Darüber hinaus beachtet die Landwirtschaftliche Alterskasse die Datenschutzvorschriften nach § 35 Erstes Buch Sozialgesetzbuch (SGB I) und §§ 67 bis 84 Zehntes Buch Sozialgesetzbuch (SGB X) sowie die einschlägigen Vorschriften der EU-Datenschutzgrundverordnung (DS-GVO).

Da die Landwirtschaftliche Alterskasse ihre Aufgaben nur mit vollständigen Daten erfüllen kann, haben Sie in diesem Umfang auch eine Mitwirkungspflicht nach § 60 SGB I. Wenn Sie dieser Mitwirkungspflicht nicht nachkommen, kann es sein, dass die Landwirtschaftliche Alterskasse Ihren Anspruch nicht ermitteln kann und Sie Nachteile erleiden.

Datenquellen

Soweit möglich wird die Landwirtschaftliche Alterskasse versuchen, die zur gesetzlichen Aufgabenerfüllung erforderlichen Daten direkt bei Ihnen zu erheben (Direkterhebungsgrundsatz). In diesem Fall werden Sie unmittelbar darüber informiert, welche Daten bzw. Kategorien von Daten erhoben und verarbeitet werden sollen.

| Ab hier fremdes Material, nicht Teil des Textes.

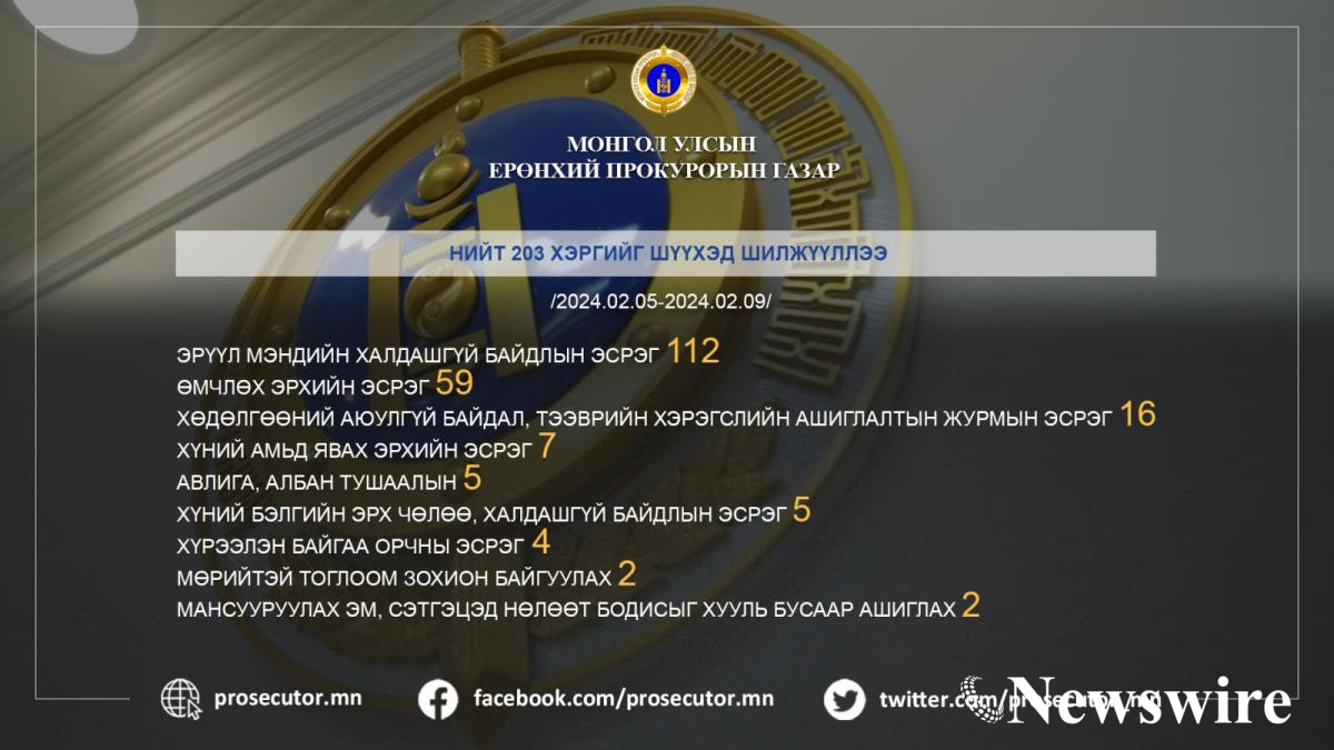 Прокурорын байгууллага 2024 оны хоёрдугаар сарын 05-наас 09-ний өдрүүдэд 203 хэрэгт яллах дүгнэлт үйлдэн шүүхэд шилжүүлж шийдвэрлэлээ.

Da eine Direkterhebung jedoch nicht immer möglich ist, gibt es hierzu gesetzliche Ausnahmen, d. h. die Landwirtschaftliche Alterskasse kann Ihre Daten unter Beachtung der gesetzlichen Voraussetzungen auch bei anderen Personen oder Stellen anfordern. Hierbei kann es sich um folgende Kategorien von Daten handeln:

  • Angaben zur Person (z. B. Name, Vorname, Geburtsdatum, Geburtsort, Geschlecht, Staatsangehörigkeit)
  • Kontaktdaten (z. B. Anschrift, Telefonnummer)
  • Abwicklungsdaten (z. B. steuerliche Identifikationsnummer, zuständiger Rentenversicherungsträger, Sozialversicherungsnummer, Leistungshöhe, Leistungszeitraum)
  • Angaben zur Gewinnermittlungsart des zu versteuernden Einkommens
  • Daten von den Katasterämtern

Sofern die Landwirtschaftliche Alterskasse Daten nicht bei Ihnen direkt erhebt, können diese gemäß den gesetzlichen Bestimmungen aus folgenden Quellen stammen:

  • Ärzte, Gutachter
  • Krankenkassen, Rentenversicherungsträger
  • Gemeindeverwaltung, Finanzbehörden, Flurbereinigungs- und Vermessungsverwaltung

Was passiert mit Ihren Daten?

Im Zuge der Wahrnehmung gesetzlicher Aufgaben kann es notwendig sein, dass die Landwirtschaftliche Alterskasse Ihre Daten Personen oder Stellen außerhalb der Landwirtschaftlichen Sozialversicherung offenlegt. Eine Offenlegung erfolgt hierbei nur, soweit diese im Rahmen der gesetzlichen Vorschriften des Sozialgesetzbuchs bzw. der EU-Datenschutzgrundverordnung (DS-GVO) zulässig ist. Empfänger Ihrer Daten können sein:

  • Andere Sozialleistungsträger und diesen gemäß § 35 Erstes Buch Sozialgesetzbuch (SGB I) gleichgestellte Stellen
  • Andere öffentliche Stellen (z. B. Gerichte, Bundesministerien, Aufsichtsbehörden)
  • Geldinstitute im Rahmen des Zahlungsverkehrs
  • Sonstige Dritte (z. B. andere öffentliche oder nicht-öffentliche Stellen) bei Vorliegen einer entsprechenden Übermittlungsbefugnis
  • Auftragsverarbeiter der SVLFG, das heißt öffentliche oder nicht-öffentliche Stellen, mit denen unter Beachtung der gesetzlichen Vorgaben nach Artikel 28 EU-Datenschutzgrundverordnung (DS-GVO) i. V. m. § 80 SGB X Verträge geschlossen wurden bzw. werden 

Übermittlungen in Drittländer oder internationale Organisationen finden regelmäßig nicht statt.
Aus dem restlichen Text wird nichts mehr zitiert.